TO DO:
The part to set down runs from the first line of the data below through the line with "configure nzbget fakedetector", inclusive; write it exactly and leave out the pictures.

━━ DATA PROVIDED

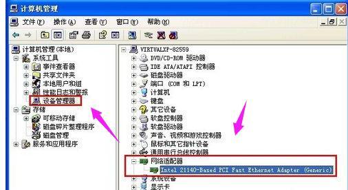5.打开“计算机管理”窗口,在左侧的控制台树单击系统工具下的“设备管理器”项,然后在右边窗口展开“网络适配器”,出来的项目双击打开网卡。
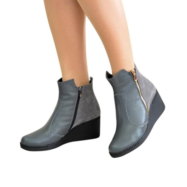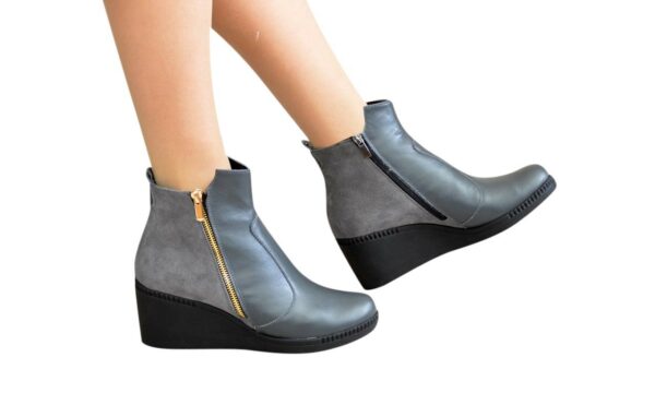 Класичні модні жіночі черевики на танкетці, виготовлені з натуральної шкіри, комбіновані натуральною замшею сірого кольору. Незамінні на кожен день, дуже зручні, ідеально сидять на ніжці – підкреслять вашу індивідуальність.
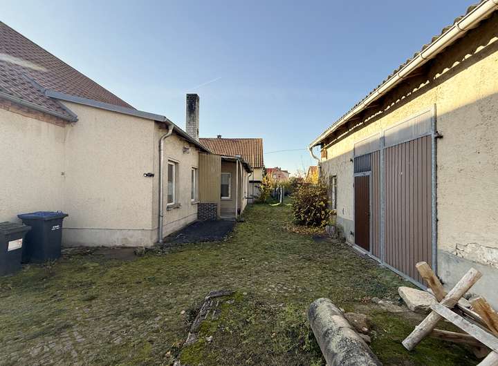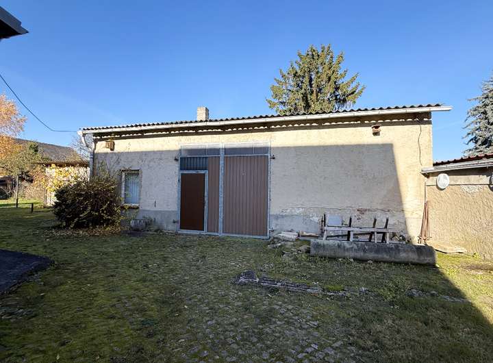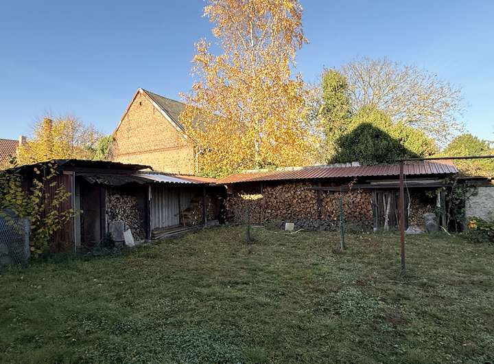 Auf dem weitläufigen Grundstück (ca. 1.519 m²) befinden sich außerdem: eine massive Garage mit integrierter Werkstatt, eine große Scheune und ein Stall, mehrere Holzunterstände – perfekt für Brennholz, Gartengeräte oder kleine Tiere.
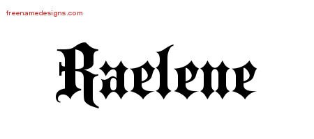 Free name graphic Raelene – Print out this old English name tattoo design.
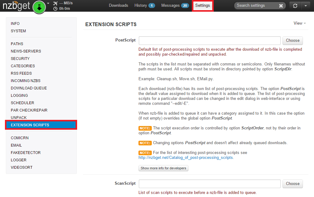 configure nzbget fakedetector avoid fake usenet files click queuescript choose
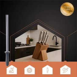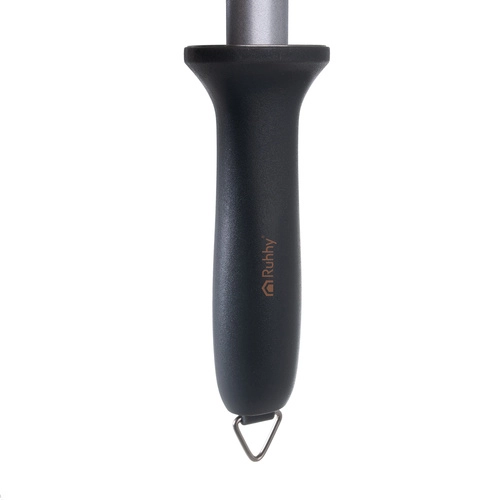 Dimanta asināmais RUHHY ir neatsverams palīgs regulārai nažu asināšanai, kas uzturēs jūsu instrumentus perfektā stāvoklī. Ergonomiskā roktura un tērauda stieņa kombinācija nodrošina ērtu un izturīgu lietošanu, padarot to ideālu gan profesionālai, gan mājas virtuvei.
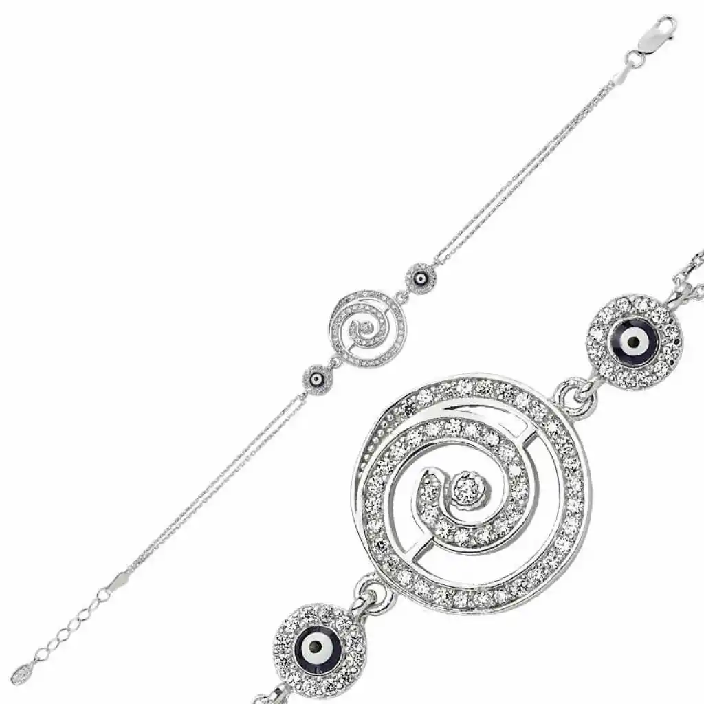Gümüş Yuvarlak Nazarlı Bayan Bileklik
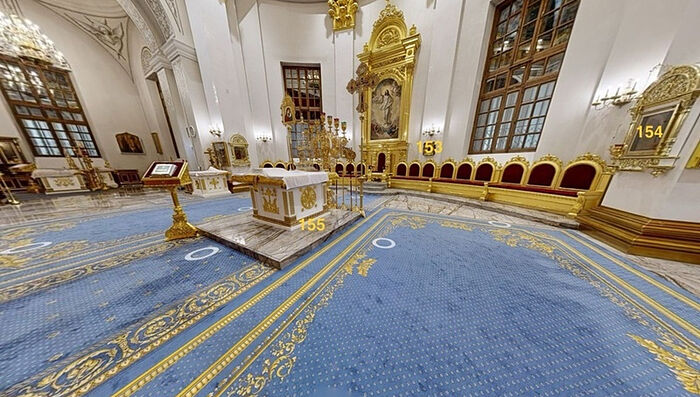 Кроме того, в 3D-экскурсию добавляются "видимые метки" — интерактивные обозначения. При нажатии на них появляются название, описание и фотография места или детали внутреннего убранства храма.

━━━━

TASK RESPONSE:
5.打开“计算机管理”窗口,在左侧的控制台树单击系统工具下的“设备管理器”项,然后在右边窗口展开“网络适配器”,出来的项目双击打开网卡。
 Класичні модні жіночі черевики на танкетці, виготовлені з натуральної шкіри, комбіновані натуральною замшею сірого кольору. Незамінні на кожен день, дуже зручні, ідеально сидять на ніжці – підкреслять вашу індивідуальність.
 Auf dem weitläufigen Grundstück (ca. 1.519 m²) befinden sich außerdem: eine massive Garage mit integrierter Werkstatt, eine große Scheune und ein Stall, mehrere Holzunterstände – perfekt für Brennholz, Gartengeräte oder kleine Tiere.
 Free name graphic Raelene – Print out this old English name tattoo design.
 configure nzbget fakedetector avoid fake usenet files click queuescript choose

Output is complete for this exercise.